Таким образом, можно сказать, что всякий текст - это, так сказать, между-текст (іп-ІеіЧехі) по отношению к какому-то другому тексту, но это ничего не говорит о происхождении текста. В отличие от произведения в тексте невозможны закавыченные цитаты, отсылающие к конкретному произведению или автору. Означающие множатся, уже не опираясь на фиксированное означаемое, поэтому цитаты представляют собой бесконечные отсылки, движение по которым может осуществляться бесконечно. Этим текст принципиально отличается от произведения: «Основу текста составляет не его внутренняя закрытая структура, поддающаяся объективному изучению, а его “выход’ в другие тексты, другие коды, другие знаки» .

Понимаемая таким образом проблема отсылок приводит к проблеме авторства, которая формулирует следующую характерную особенность текста.

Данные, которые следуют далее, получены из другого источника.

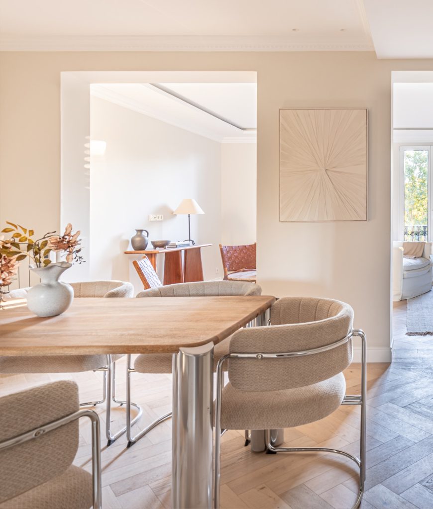 El cliente quería cuidar al máximo el detalle y seguir con el estilo clásico de la zona en la que se encuentra la vivienda. La vivienda cuenta con molduras y baquetones en todas sus estancias para generar esa continuidad.

5. Текст, в отличие от произведения, не имеет Автора. Автор начинает пониматься не как некий субстанциональный элемент, а как «эффект» письма: «“Субъекта” письма не существует, если под ним мы подразумеваем некое суверенное одиночество писателя. Субъект письма - это система отношений между различными слоями: слоями магического

блока, психического общества, мира» .

Как показывает исторический экскурс, фигура Автора как таковая была изобретена только в Новое время под влиянием культа индивидуальности, «человеческой личности». До этого (примитивные народы, средние века) рассказчики выступали только как исполнители, но не как создатели текстов.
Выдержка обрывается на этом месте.